I am using Flex & bison on Linux. I have have the following set up:

// tokens CREATE { return token::CREATE;}
SCHEMA { return token::SCHEMA; }
RECORD { return token::RECORD;}
[_a-zA-Z0-9][_a-zA-Z0-9]* { yylval->strval = strdup(yytext); return TOKEN::NAME;}
...
// rules CREATE SCHEMA NAME ...
CREATE RECORD NAME ... ...

Everything worked just fine. But if users enter: "create schema record ..." (where 'record' is the name of the schema to be created), Flex will report an error since it matches 'record' as a token and it is looking for the rule "CREATE SCHEMA RECORD". I understand that keywords can be escaped, but that makes user experiences awkward. My question is:

"How can I design the above rules so that it accepts 'create schema record ...' and matches this input to 'CREATE SCHEMA NAME ...'?"

Thanks!

2

2 Answers

4
votes

"Semi-reserved" words are common in languages which have a lot of reserved words. (Even modern C++ has a couple of these: override and final.) But they create some difficulties for traditional scanners, which generally assume that a keyword is a keyword.

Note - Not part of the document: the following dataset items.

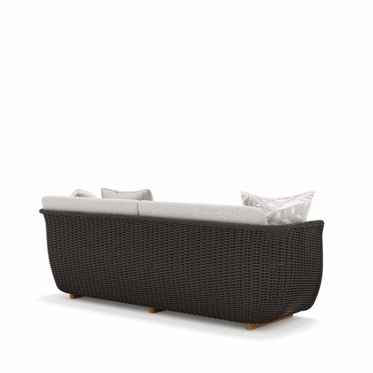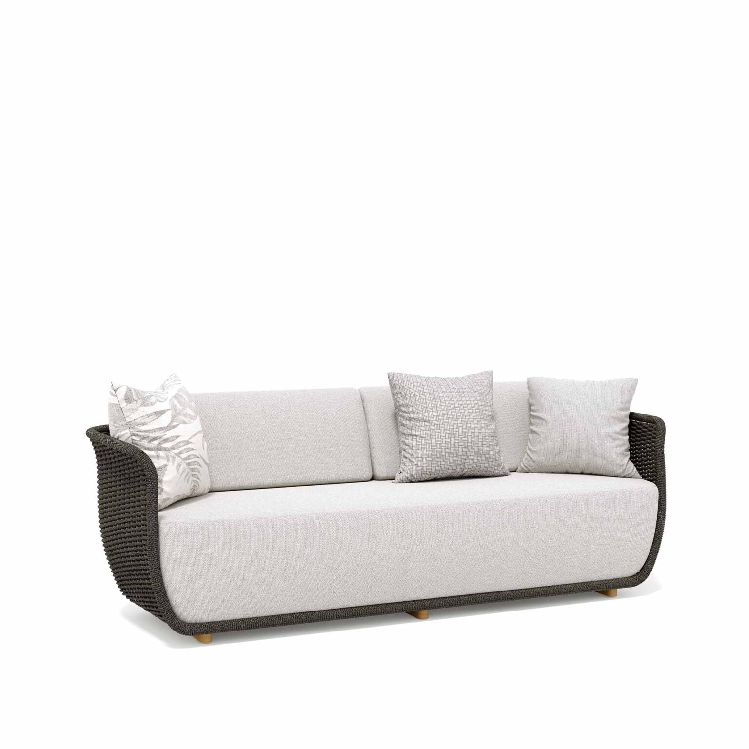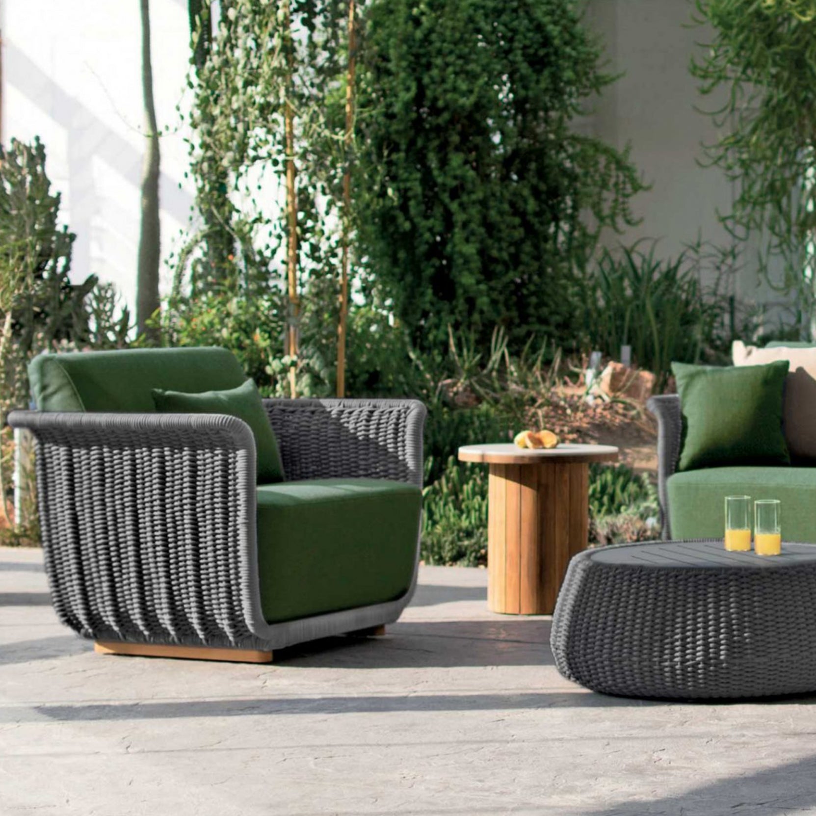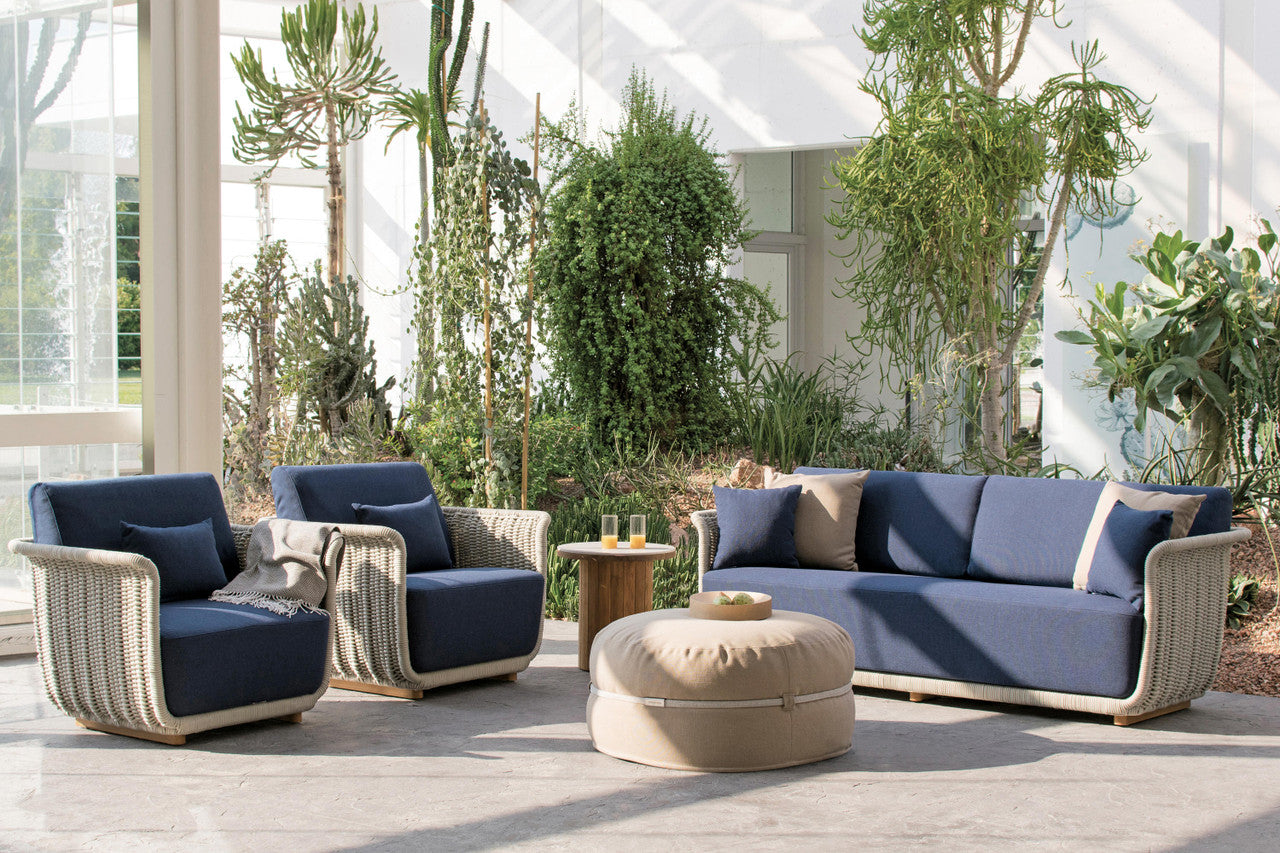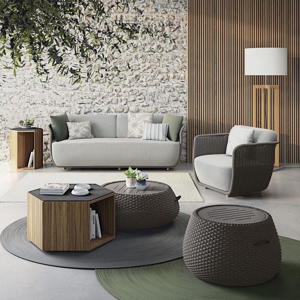 Subtle chromatic assonances drawn by the hand-woven rope, a unifying element of the entire Bellagio collection.
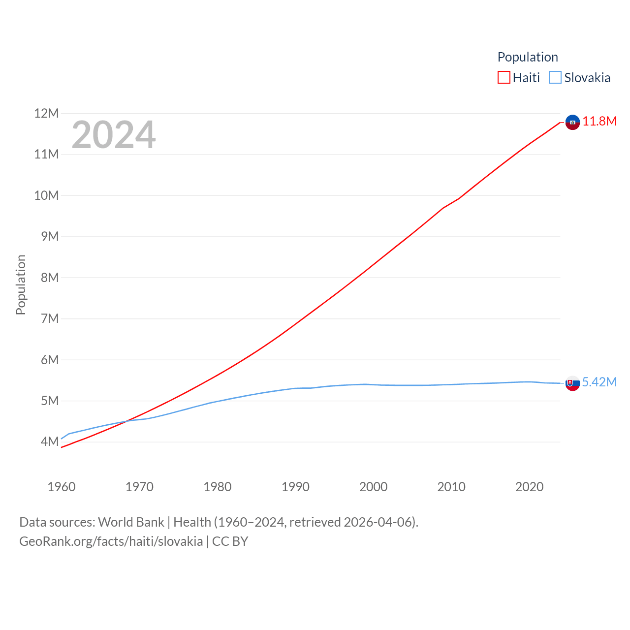 Haiti has a population of 11.8M (ranked 83/197), compared with 5.42M in Slovakia (ranked 119/197). Haiti's land area is 10,641 sq mi versus 18,564 sq mi for Slovakia (ranked 142nd vs. 128th).
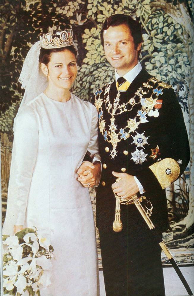▲1976年西尔维娅皇后与瑞典国王大婚佩戴浮雕镶嵌珍珠钻冕
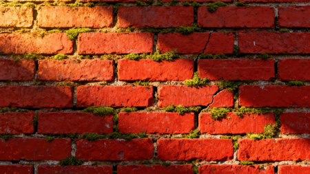 Rustic reddish-orange brick wall background showing rough texture and decaying mortar joints filled with patches of vibrant green moss, intensely highlighted by low-angle golden hour sunlight.
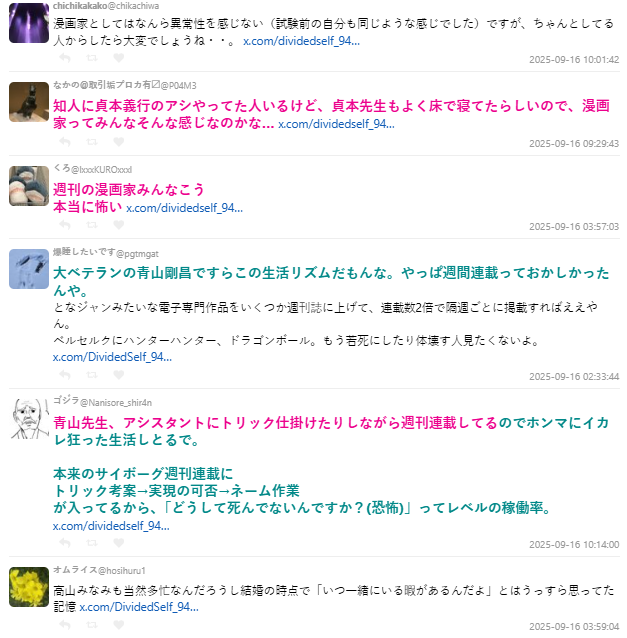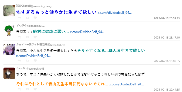 不少網友分享漫畫家作息的普遍情況,有人說「週刊漫畫家幾乎都是這樣的作息,真的可怕」、「連青山老師這種大前輩都是如此,週刊連載真的是超高強度」,甚至有人提到有朋友擔綱貞本義行的助理,也常在地板上睡覺,幾乎在漫畫界工作這樣已經是常態。

The lemon parser generator, which not coincidentally was designed for parsing SQL, has a useful "fallback" feature, where a token which is not valid in context can be substituted by another token (without changing the semantic value). Unfortunately, bison does not implement this feature, and nor does any other parser generator I know of. However, in many cases it is possible to implement the feature in Bison grammars. For example, in the simple case presented here, we can substitute:

create_statement: CREATE RECORD NAME ...
                | CREATE SCHEMA NAME ...

with:

create_statement: CREATE RECORD name
                | CREATE SCHEMA name
name: NAME
    | CREATE
    | RECORD
    | SCHEMA
    | ...

Obviously, care needs to be taken that the (semi-)keywords in the list of alternatives for name are not valid in the context in which name is used. This may require the definition of a variety of name productions, valid for different contexts. (This is where lemon-style fallbacks are more convenient.)

If you do this, it is important that the semantic values of the keywords be correctly set up, either by the scanner or by the reduction rule of the name non-terminal. If there is only one name non-terminal, it is probably more efficient to do it in the reduction actions (because it avoids unnecessary allocation and deallocation of strings, where the deallocation will complicate the other grammar rules in which the keywords appear), so that the name rule would actually look like this:

name: NAME
    | CREATE   { $$ = strdup("CREATE"); }
    | RECORD   { $$ = strdup("RECORD"); }
    | SCHEMA   { $$ = strdup("SCHEMA"); }
    | ...

There are, of course, many other possible ways to deal with the semantic value issue.

0
votes

You shouldn't do this, for the same reason you can't have a variable in C++ named for, while, or class. But if you really want to, look into Start Conditions (it'll be messy).